2) Insofar as competition may have positive effects, cooperation is equally likely to produce positive effects. Here's a list of reasons: a) Research is best done when scientists and researchers are able to network information b) If 8 food companies had different aspects to make a good recipe, the social good would be best served if they could share their advances. c) Balancing comparative advantage and autarky intelligently requires some degree of rational planning
3) Competition doesn't necessarily manifest fully in capitalism either. Because workers and managers have every interest in extorting as much as they can from the capitalist, their competition is intrafirm, not interfirm. Anyone can recognize that that competition is economically inefficient, but it also reduces the net amount of competition. A firm that truly was innvoative thanks to competition would have to have a high degree of motivation internal to it.
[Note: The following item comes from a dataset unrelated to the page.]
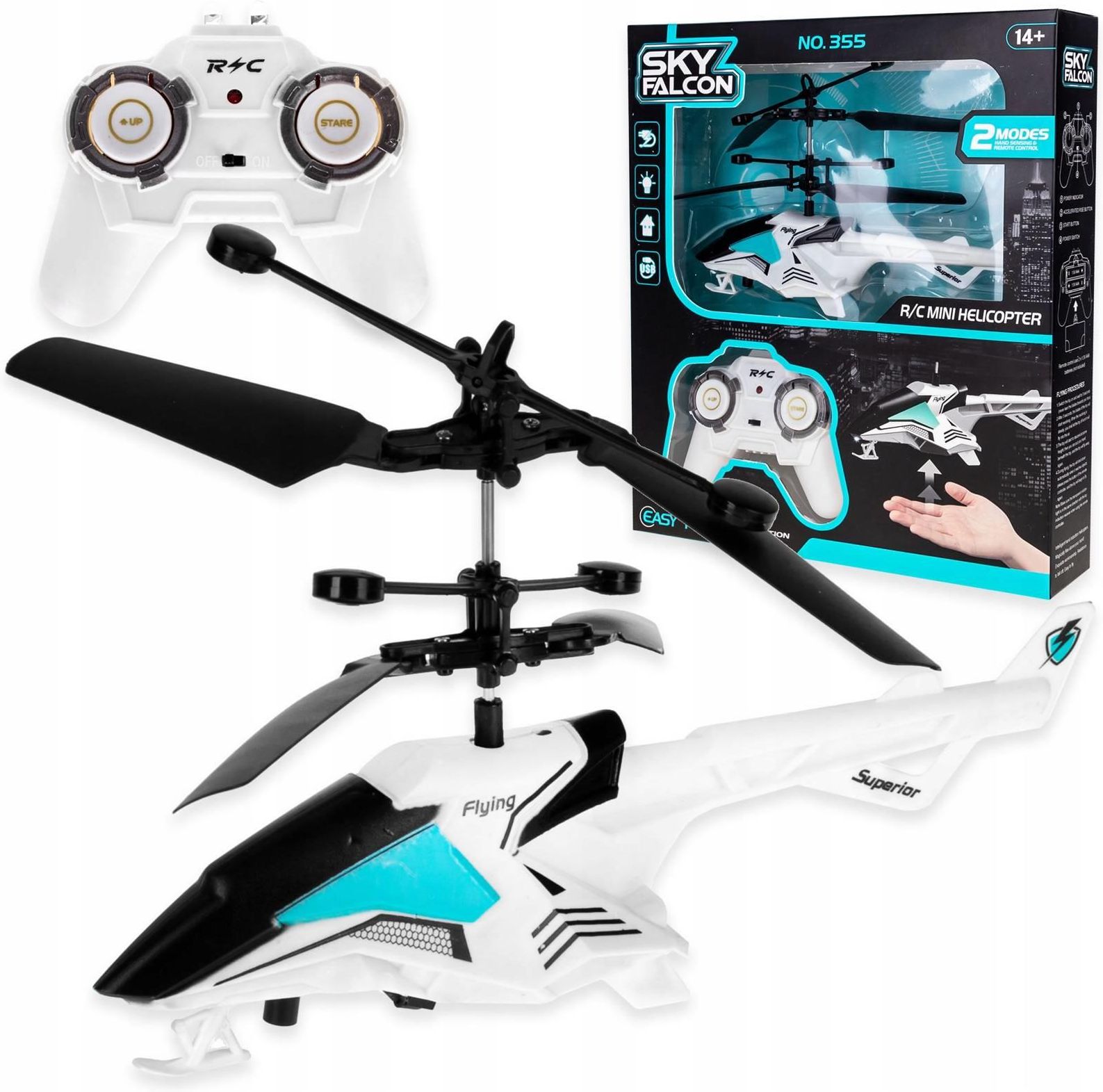 HELIKOPTER ZDALNIE STEROWANY RC NA PILOT + RĘKĄ 2w1 INDUKCYJNY LATAJĄCY LED Zdalnie sterowany indukcyjny helikopter Sky Falcon Helikopter przeniesie Cię na zupełnie nowy wymiar zabawy! Jesteś na to gotowy? Zabawka sterowana na dwa sposoby- pilotem oraz dłonią na zasadzie indukcji ! Charakterystyka Wysoka jakość wykonania Lekka konstrukcja Wbudowana dioda LED Dioda podczerwieni Nowoczesny design Wysoka jakość wykonania Helikopter został wykonany z najlepszej jakości materiałów. Wysokiej jakości tworzywo sztuczne sprawia że helikopter jest odporny na uszkodzenia. Natomiast dzięki lekkiej konstrukcji orazniewielkim wymiarom z łatwością unosi się w powietrzu. Zestaw idealny także dla początkujących! Lekka i wytrzymała konstrukcja, intuicyjny pilot oraz stabilność lotu to wszystko czego potrzebujesz aby zostać świetnym pilotem :) Elastyczna konstrukcja śmigła dla dodatkowej ochrony aby nie uległo ono złamaniu podczas ewentualnej kolizji. Dzięki temu śmigłowiec przetrwa naprawdę wiele lotów. Dodatkowo helikopter został wyposażony w diodę podczerwieni – steruj dłonią. Świetna zabawa, wiele możliwości ! Wbudowana dioda Model nadaje się również do zabawy w ciemnościach – posiada diodę z przodu kadłuba. Zabawa w takich warunkach dostarcza niezapomnianych wrażeń. Pilot zdalnego sterowania Kontrolę nad helikopterem sprawujesz za pomocą intuicyjnego bezprzewodowego nadajnika. Zasilany jest 2 bateriami AA (nie dołączonymi do zestawu). Czujnik podczerwieni Helikopter posiada wbudowany mini czujnik podczerwieni dzięki któremu może unosić się nad dłonią a Ty możesz go kontrolować bez konieczności użycia pilota! Ta funkcja pozwala także uniknąć gwałtownego zderzenia z podłożem. Produkt automatycznie wystartuje w 3 sekundy po uruchomieniu. Wbudowany akumulator Helikopter posiada wbudowany akumulator, który ładujemy za pomocą dołączonego kabla USB. Specyfikacja techniczna Wiek: 14+ Czujnik podczerwieni Materiał: wysokiej jakości tworzywo sztuczne Zasilanie helikoptera: wbudowany akumulator Zasilanie kontrolera: 2 x AA (nie dołączone) Wymiary : 17,5 x 11 cm Wymiary opakowania : 23,5 x 21 x 4,6 cm Waga: 132 g Certyfikat: CE Skład zestawu Helikopter Zdalnie sterowany pilot Kabel USB służący do ładowania Pudełko

I don't see why parecon wouldn't have competition. Because pay is keyed to effort, people may compete to demonstrate effort. Parecon could also easily include rewards for more effective compliance given from an industry to an individual exemplary workplace.
I also was thinking of Office Space and Bartleby, both having archetypal American slacker characters. During discussion, an Asian student in our class commented about Bartleby's boss that "He doesn't have an obligation to tell his worker what to do." No, he sort of does: if you are going to be a boss, be a boss. The reason why Bartleby is so disarming is that he says "I don't want to do any of the shit you're telling me to, I don't want to be a machine, I'll do it of you tell me to do it and drop the bullshit." It's an example of passive resistance which involves uncloaking the brutality of the system and saying, "If you're going to do this, do it honestly." It forces people to face the magnitude of what they are doing.
I have had numerous interactions with Asian immigrants who seem to have internalized, without thinking (and this is true of the society writ large, but even more so regarding this group), capitalist values. A lot of Asian philosophy (Bushido, Confucianism, etc.) has a lot of great stuff about societal duty, but it also has nasty aspects of subverting one's interest to masters and patriarchs. As Buddhism and Taoism tell us, it's not money or "success" as defined by society that's important, it's your ethical character, and that ethical character involves not being complicit in oppression such as telling others what to do.
Bartleby is clearly intelligent and was motivated at one point, but he doesn't want to work for someone else. Like Peter Gibbons, he wants to do work of some kind, but he wants to have it feel authentic and real to him, coming from the source of his own inspiration. This is, of course, not new to philosophy: Humboldt, Rousseau, Kant, and most of the Enlightenment had this same idea, of wanting to develop one's own initiatives and control of labor and life without external command or guidance.